■ Task brief
All of the data below is to be repeated exactly, except for the pictures.

■ Supplied material
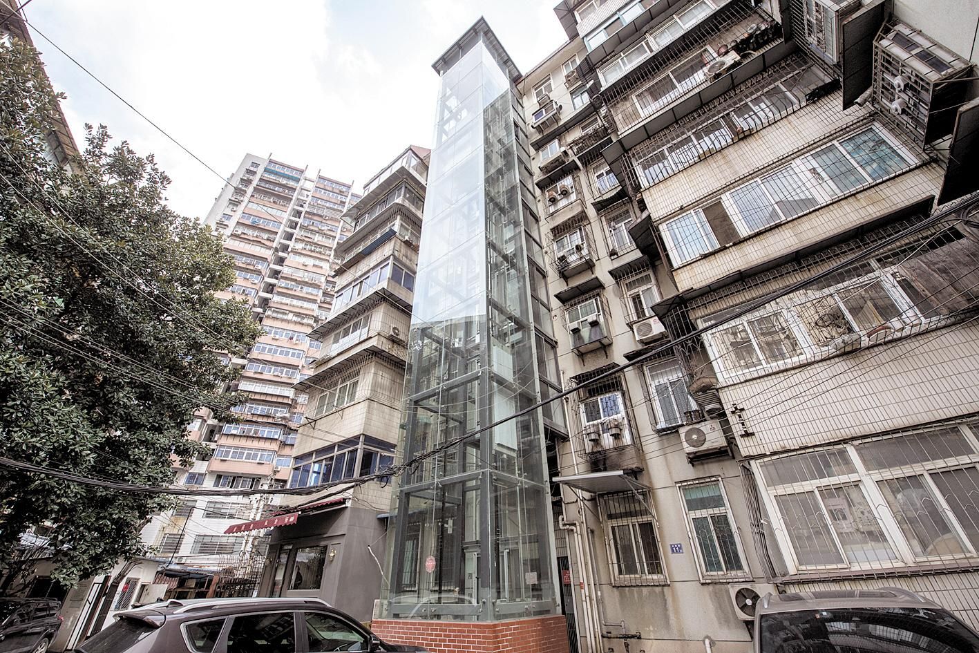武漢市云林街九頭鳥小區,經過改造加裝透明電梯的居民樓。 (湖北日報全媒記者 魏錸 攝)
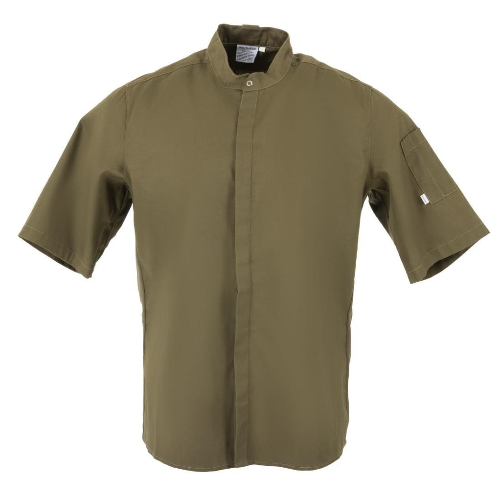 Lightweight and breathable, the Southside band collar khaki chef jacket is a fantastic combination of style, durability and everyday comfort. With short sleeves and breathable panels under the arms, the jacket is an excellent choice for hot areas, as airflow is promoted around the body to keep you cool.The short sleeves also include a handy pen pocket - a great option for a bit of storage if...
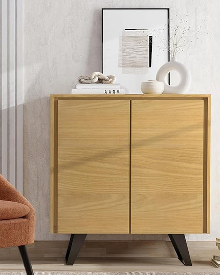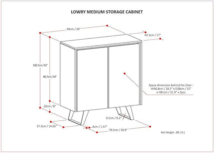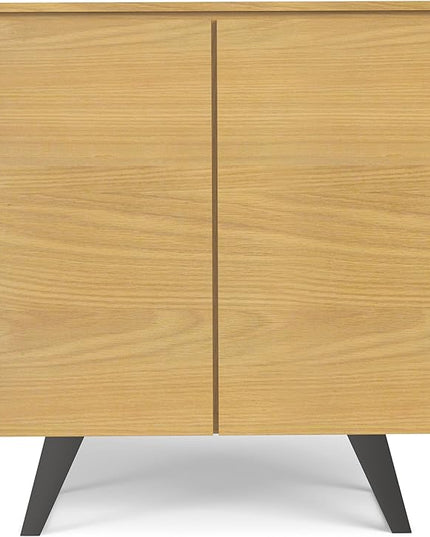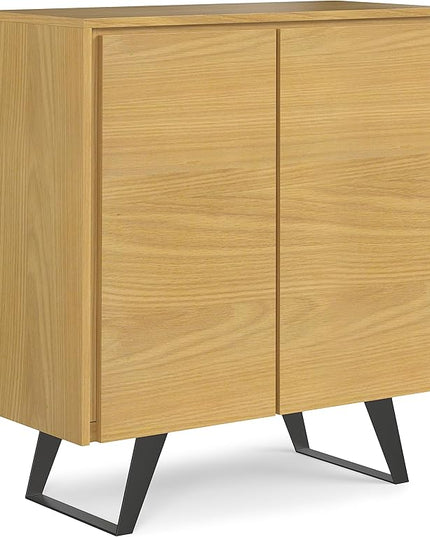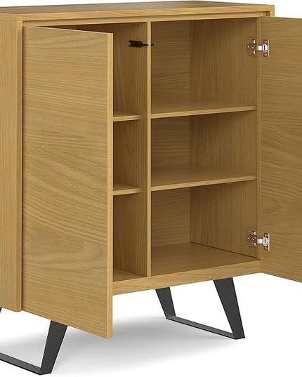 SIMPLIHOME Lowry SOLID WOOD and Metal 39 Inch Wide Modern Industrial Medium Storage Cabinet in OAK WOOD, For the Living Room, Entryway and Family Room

■ Task solution
武漢市云林街九頭鳥小區,經過改造加裝透明電梯的居民樓。 (湖北日報全媒記者 魏錸 攝)
 Lightweight and breathable, the Southside band collar khaki chef jacket is a fantastic combination of style, durability and everyday comfort. With short sleeves and breathable panels under the arms, the jacket is an excellent choice for hot areas, as airflow is promoted around the body to keep you cool.The short sleeves also include a handy pen pocket - a great option for a bit of storage if...
 SIMPLIHOME Lowry SOLID WOOD and Metal 39 Inch Wide Modern Industrial Medium Storage Cabinet in OAK WOOD, For the Living Room, Entryway and Family Room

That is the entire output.